Just because you’re not a rapist doesn’t mean you don’t contribute to rape culture.

Examples of Rape Culture

Rape jokes and Trivializing sexual assault 

Trivialising sexual assault is an example of rape culture. We foster rape culture and trivialise an essential issue when we laugh at fraternity chants like “No means Yes” with the argument that “Boys will be Boys.” When we turn rape into a joke, it becomes more difficult to take true rape allegations seriously. When we don’t take rape allegations seriously, rape becomes more acceptable.

Victim Blaming

Victim-blaming implies that rape is expected in certain circumstances. We legitimise rape and blame the victims for the crimes of their abusers by asking questions like “What was she doing there?” or “How intoxicated was she?  We are allowing rape to continue when we don’t hold perpetrators accountable for their crimes.

Objectifying Women

We are giving out the message that women are less than human when we objectify them. And if they are simply objects rather than individuals, sexual violence on women seems more acceptable. Sexual objectification of women is seen to be more prominent in the R&B/Hip-Hop and Pop Music Video genre.


We validate people who argue that women “ask for it” ( deserve to be raped) by wearing revealing clothes or having a lot of sexual partners when we criticise or shame them for having sex.

Why is victim-blaming dangerous?

Victim-blaming attitudes make the victim/survivor defensive and makes it more difficult for them to come forward and report the abuse. Victim-blaming attitudes further reinforce what the abuser has been saying all along: That the victim is to blame for what has happened. Society enables the abuser to perpetrate relationship abuse or sexual assault by adopting victim-blaming attitudes.

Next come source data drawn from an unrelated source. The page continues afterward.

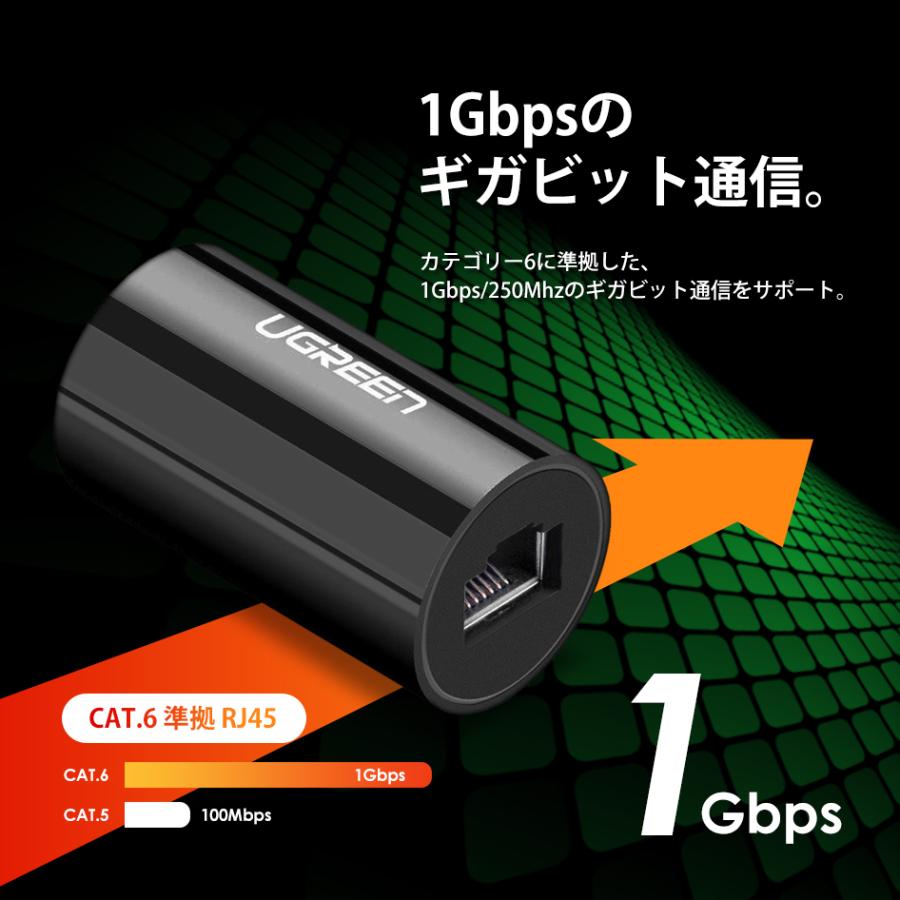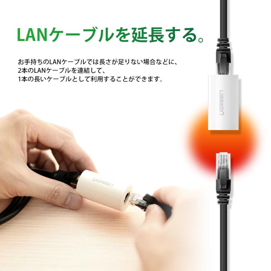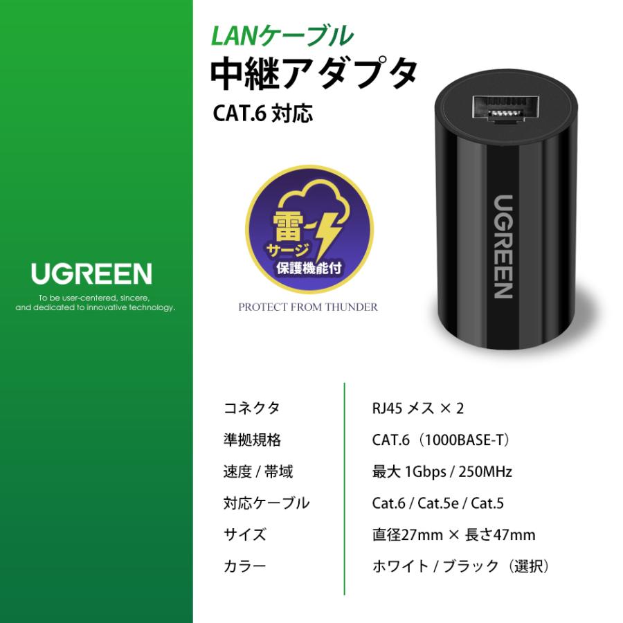 UGREEN LANケーブル 中継アダプタ 雷サージ対策 延長コネクタ cat6 cat5e ギガビット通信 RJ45 LAN端子 1Gbps 1000Mbps メス-メス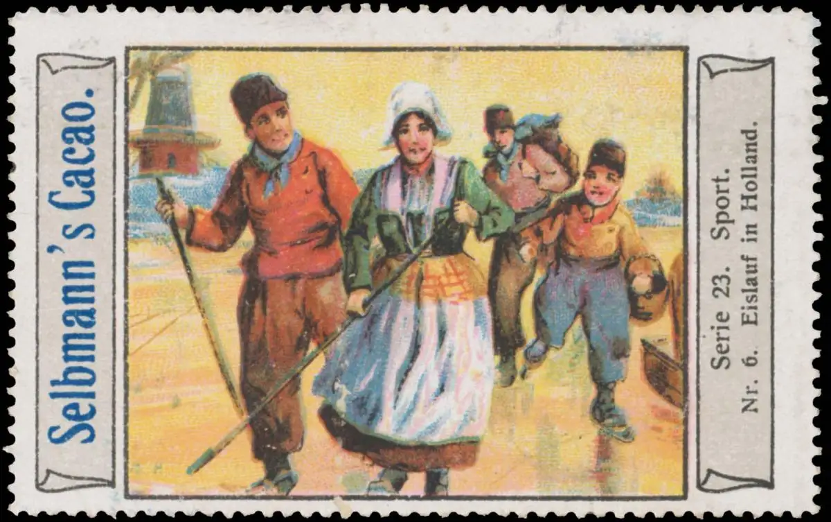 Selbmanns Cacao, Serie 23, Sport Nr. 6, Schlittschuh, Größe/Zustand: 5x7 , guter Zustand, Original alte Reklamemarke die seinerzeit für die Werbung benutzt wurde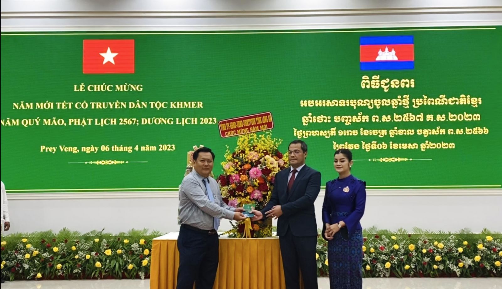 On April 6, Vice Chairman of Provincial People's Committee - Huynh Van Son and the delegation of Long An province visited and gave Chol Chnam Thmay Traditional New Year greeting to Prey Veng province, Kingdom of Cambodia. Also attending the delegation were leaders of Dong Thap and Tay Ninh provinces.

How can WE as a society combat Rape Culture?

  •  If you witness someone making an offensive joke or trivialising rape, CALL THEM OUT
  • Do not use language that degrades or objectifies women
  • Hold abusers accountable for their acts: do not allow them to manufacture excuses for their actions 
  • Always converse with your sexual partners and do not take their consent for granted
  • Adopt Zero-Tolerance policies for sexual harassment and violence in the places where you live, work and play

The fact is, rape and sexual harassment are real issues that are not to be taken lightly. Rape culture is everyone’s issue, regardless of gender.